• _PROBLEM TO WORK ON_:
Print, word for word, the opening line of the data below and every line after it through the line that contains "每年的杰出服务奖授予一位对 AI 社群作出突出贡献和服务的个人。今年,这一奖项颁给了", but not the pictures.
━━━ DATA
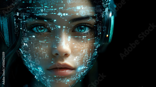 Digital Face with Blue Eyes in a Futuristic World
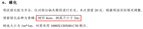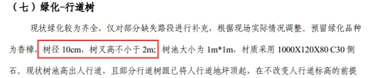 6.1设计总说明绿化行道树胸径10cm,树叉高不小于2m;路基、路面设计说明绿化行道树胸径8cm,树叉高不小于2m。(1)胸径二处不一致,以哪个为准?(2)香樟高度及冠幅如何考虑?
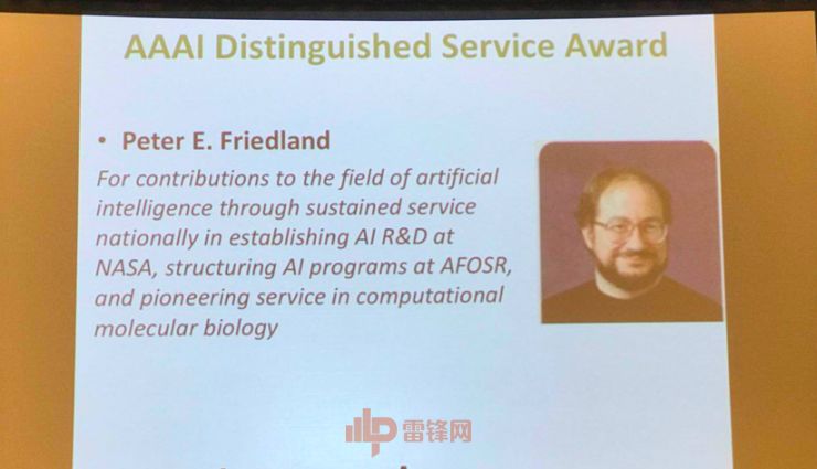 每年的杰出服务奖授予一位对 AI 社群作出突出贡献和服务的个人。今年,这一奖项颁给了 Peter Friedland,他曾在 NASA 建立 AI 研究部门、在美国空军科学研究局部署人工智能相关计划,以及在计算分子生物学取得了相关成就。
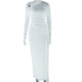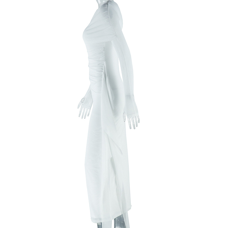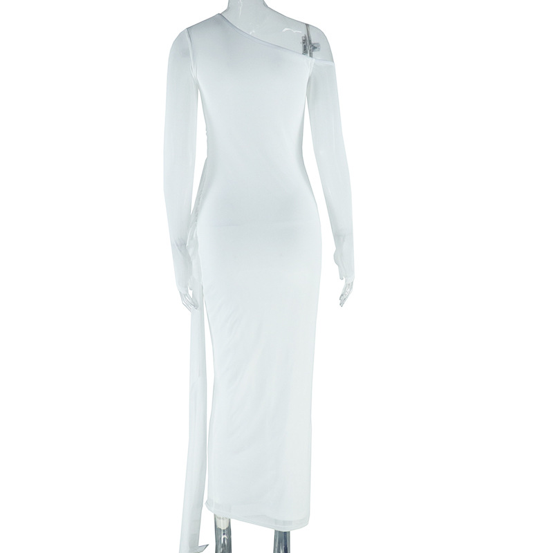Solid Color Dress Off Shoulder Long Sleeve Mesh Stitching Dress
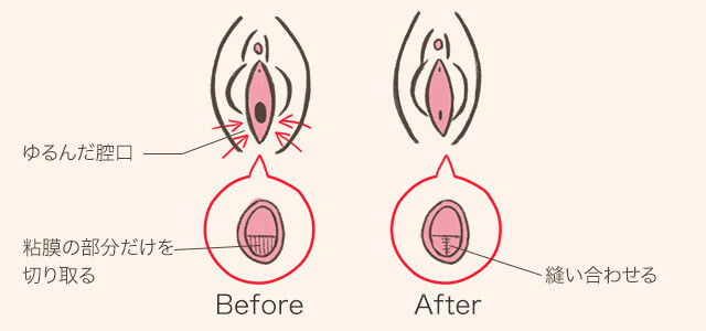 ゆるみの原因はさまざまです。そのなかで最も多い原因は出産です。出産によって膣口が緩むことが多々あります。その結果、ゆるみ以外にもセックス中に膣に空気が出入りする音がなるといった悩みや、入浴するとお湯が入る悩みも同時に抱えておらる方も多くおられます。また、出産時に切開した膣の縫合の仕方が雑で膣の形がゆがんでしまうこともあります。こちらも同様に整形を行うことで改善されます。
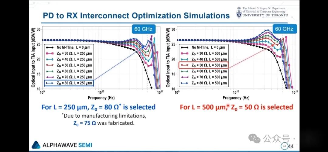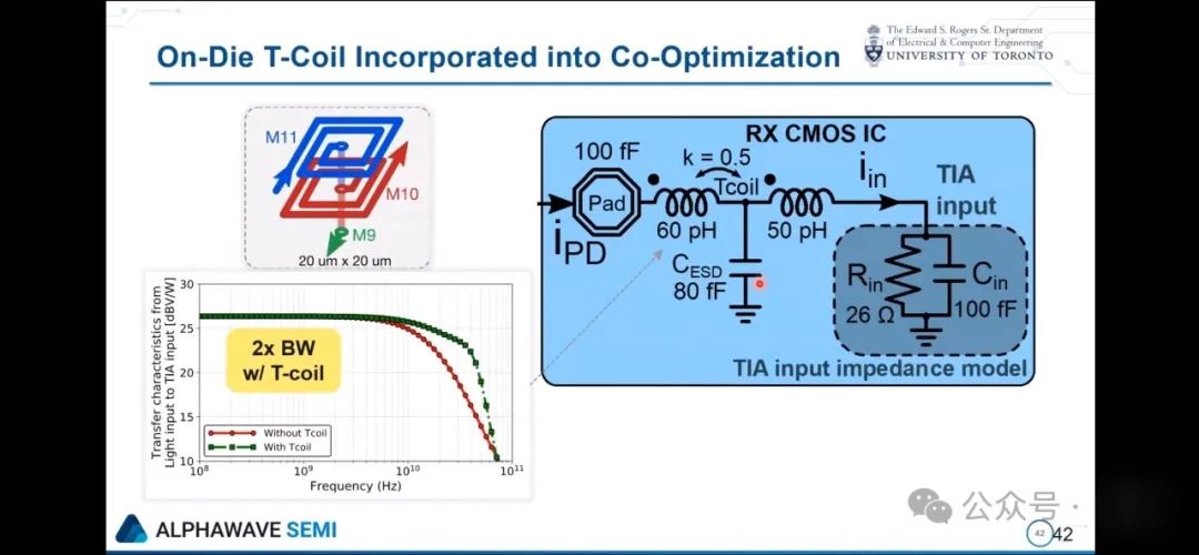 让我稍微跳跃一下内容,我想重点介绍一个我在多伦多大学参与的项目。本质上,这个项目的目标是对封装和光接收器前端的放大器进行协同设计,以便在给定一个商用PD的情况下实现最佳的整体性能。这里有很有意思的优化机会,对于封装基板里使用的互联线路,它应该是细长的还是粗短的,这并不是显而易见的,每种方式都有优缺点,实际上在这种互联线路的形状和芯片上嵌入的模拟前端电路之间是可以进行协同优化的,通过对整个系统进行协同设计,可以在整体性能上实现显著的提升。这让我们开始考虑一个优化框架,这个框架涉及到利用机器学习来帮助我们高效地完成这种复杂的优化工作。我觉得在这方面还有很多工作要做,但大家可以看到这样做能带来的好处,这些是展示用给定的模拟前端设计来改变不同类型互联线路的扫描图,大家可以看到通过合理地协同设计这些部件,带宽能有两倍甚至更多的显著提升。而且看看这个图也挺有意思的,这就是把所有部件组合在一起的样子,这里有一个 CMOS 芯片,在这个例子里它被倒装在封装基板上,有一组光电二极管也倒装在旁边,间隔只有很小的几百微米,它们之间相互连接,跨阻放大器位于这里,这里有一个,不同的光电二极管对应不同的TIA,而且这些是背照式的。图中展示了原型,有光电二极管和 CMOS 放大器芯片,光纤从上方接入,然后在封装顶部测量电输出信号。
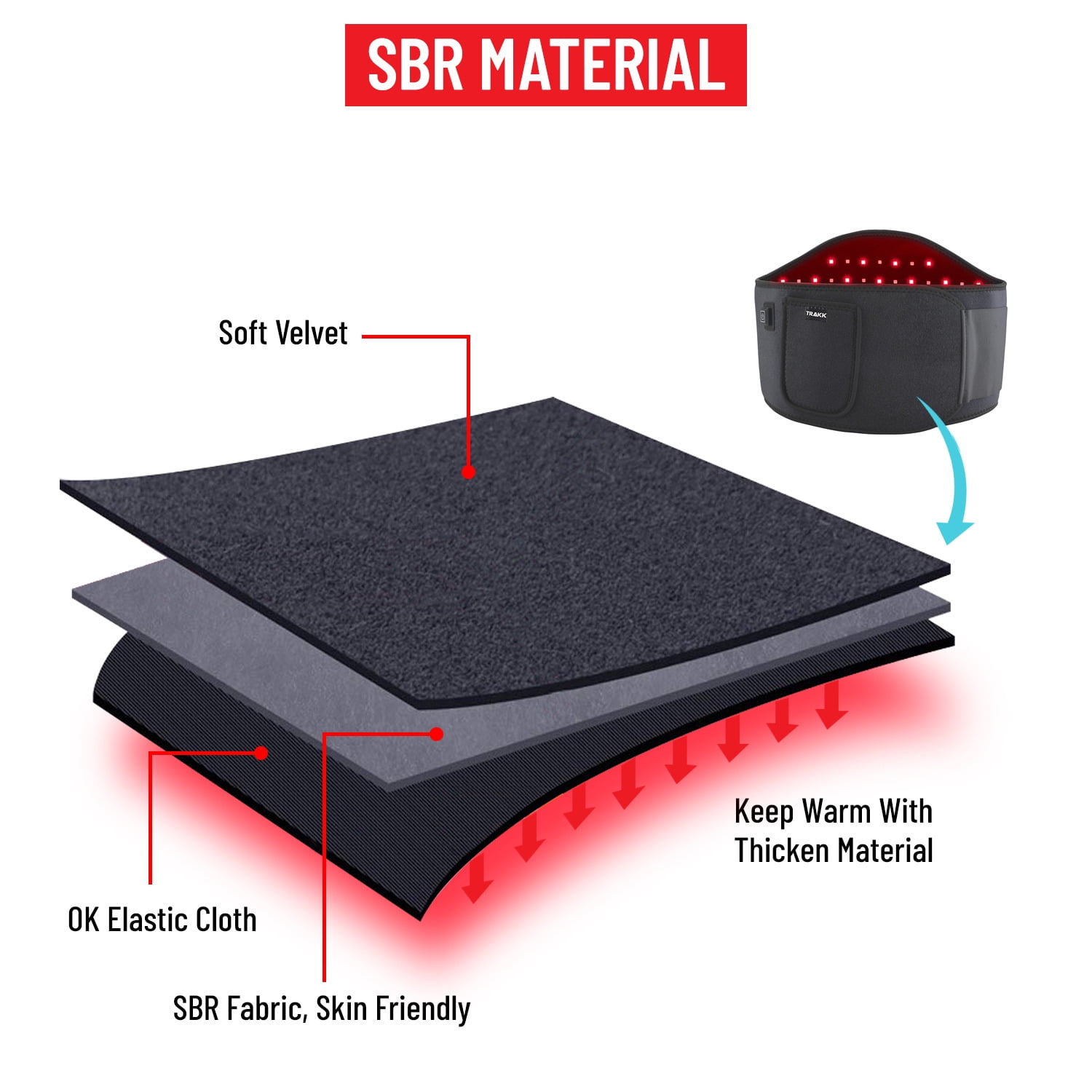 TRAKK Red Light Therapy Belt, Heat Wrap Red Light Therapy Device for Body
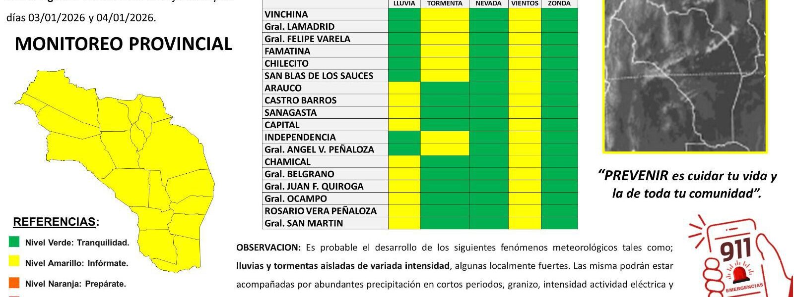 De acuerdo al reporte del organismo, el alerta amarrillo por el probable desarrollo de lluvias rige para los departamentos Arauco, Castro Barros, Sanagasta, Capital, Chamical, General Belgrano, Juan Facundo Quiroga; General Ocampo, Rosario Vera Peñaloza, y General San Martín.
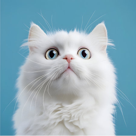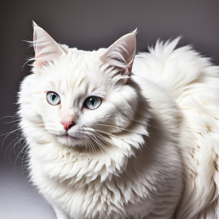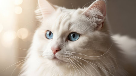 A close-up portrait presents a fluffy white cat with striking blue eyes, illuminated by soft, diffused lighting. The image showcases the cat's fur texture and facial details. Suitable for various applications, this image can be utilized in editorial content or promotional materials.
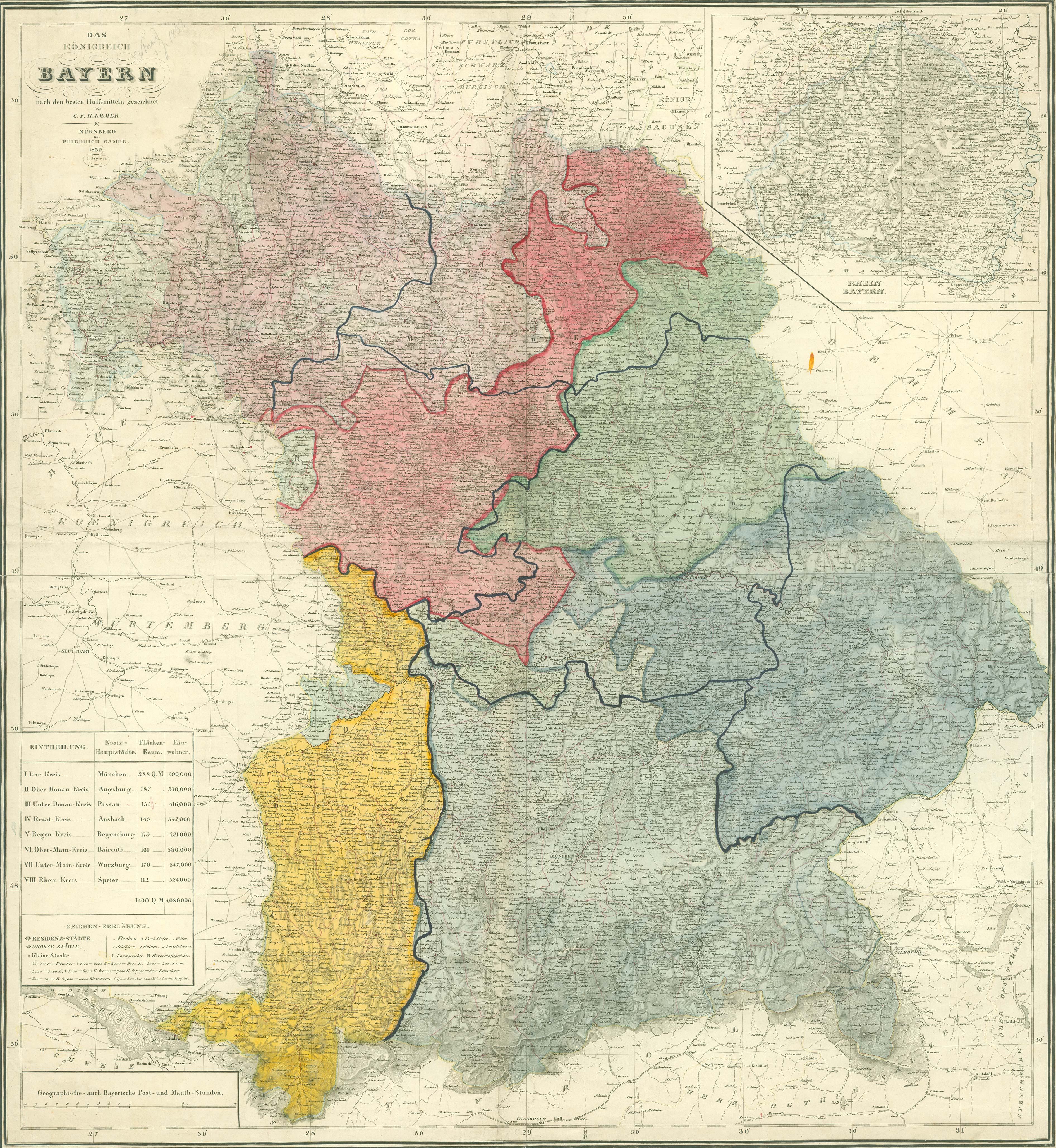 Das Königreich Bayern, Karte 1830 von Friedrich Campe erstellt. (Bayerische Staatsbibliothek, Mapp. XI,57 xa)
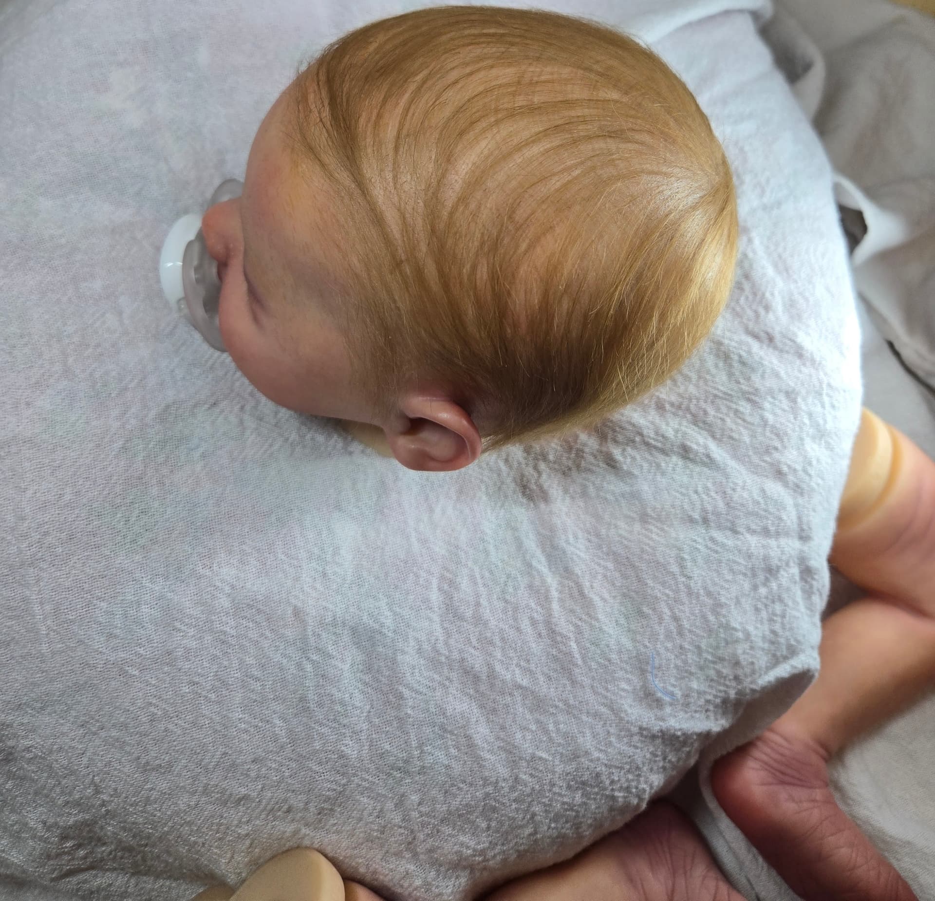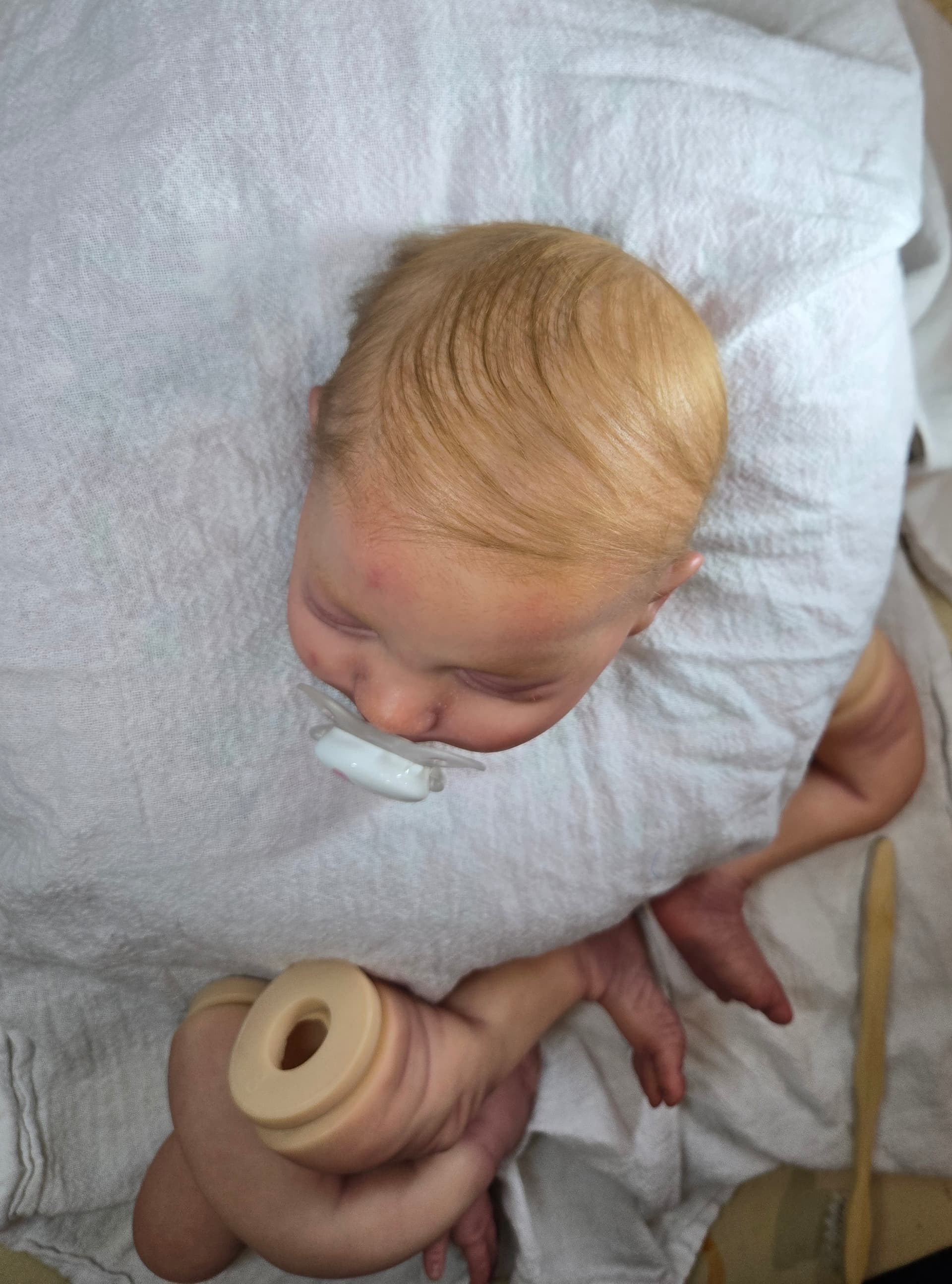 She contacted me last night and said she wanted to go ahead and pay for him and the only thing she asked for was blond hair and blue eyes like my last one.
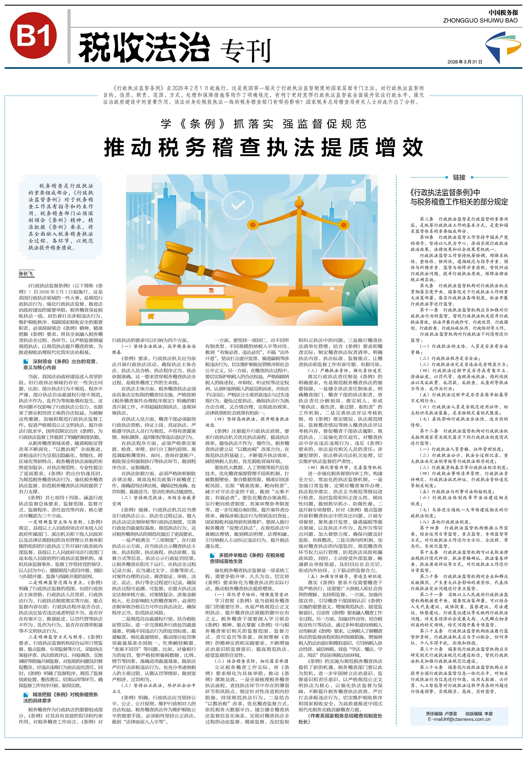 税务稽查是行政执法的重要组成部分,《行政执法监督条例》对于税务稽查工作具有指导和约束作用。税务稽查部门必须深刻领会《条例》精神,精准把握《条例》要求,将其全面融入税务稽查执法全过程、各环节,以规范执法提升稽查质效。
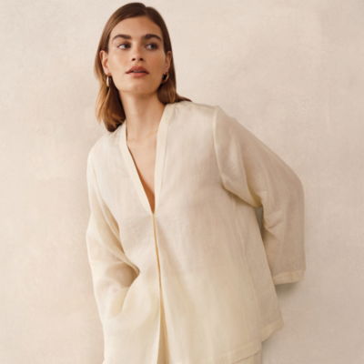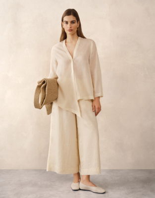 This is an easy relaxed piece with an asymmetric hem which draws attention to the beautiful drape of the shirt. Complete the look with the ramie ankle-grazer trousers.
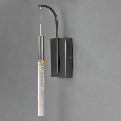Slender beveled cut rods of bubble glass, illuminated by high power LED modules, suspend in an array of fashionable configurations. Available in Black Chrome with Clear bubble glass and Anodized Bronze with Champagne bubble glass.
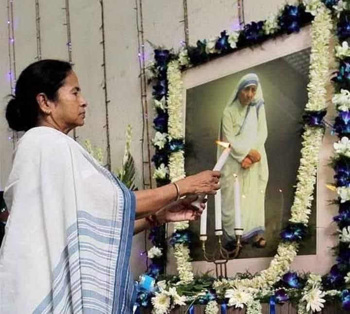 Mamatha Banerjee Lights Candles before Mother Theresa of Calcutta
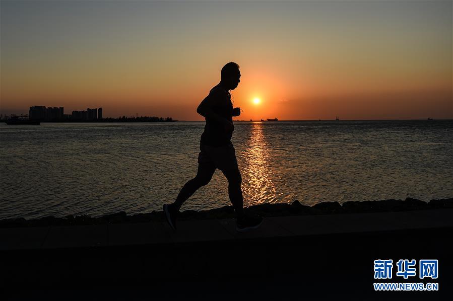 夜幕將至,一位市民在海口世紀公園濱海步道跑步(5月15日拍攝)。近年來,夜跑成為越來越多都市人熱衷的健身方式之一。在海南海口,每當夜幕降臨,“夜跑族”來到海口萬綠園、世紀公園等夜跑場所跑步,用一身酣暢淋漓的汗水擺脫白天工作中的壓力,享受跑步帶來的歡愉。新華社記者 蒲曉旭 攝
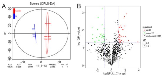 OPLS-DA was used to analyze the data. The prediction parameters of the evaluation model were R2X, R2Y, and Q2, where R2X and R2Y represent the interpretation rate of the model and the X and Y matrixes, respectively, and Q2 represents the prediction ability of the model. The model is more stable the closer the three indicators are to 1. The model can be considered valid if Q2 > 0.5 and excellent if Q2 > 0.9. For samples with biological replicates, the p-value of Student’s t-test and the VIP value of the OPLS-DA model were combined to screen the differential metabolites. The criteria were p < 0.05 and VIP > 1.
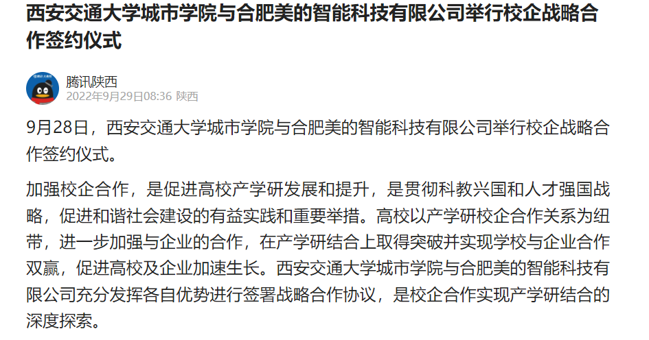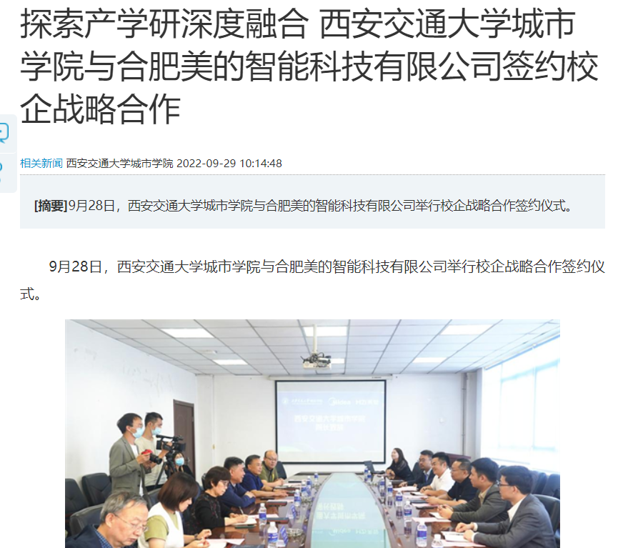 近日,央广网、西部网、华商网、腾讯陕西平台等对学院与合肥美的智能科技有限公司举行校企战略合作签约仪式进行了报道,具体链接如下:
━━━━━━
• _TASK RESPONSE_:
 Digital Face with Blue Eyes in a Futuristic World
 6.1设计总说明绿化行道树胸径10cm,树叉高不小于2m;路基、路面设计说明绿化行道树胸径8cm,树叉高不小于2m。(1)胸径二处不一致,以哪个为准?(2)香樟高度及冠幅如何考虑?
 每年的杰出服务奖授予一位对 AI 社群作出突出贡献和服务的个人。今年,这一奖项颁给了 Peter Friedland,他曾在 NASA 建立 AI 研究部门、在美国空军科学研究局部署人工智能相关计划,以及在计算分子生物学取得了相关成就。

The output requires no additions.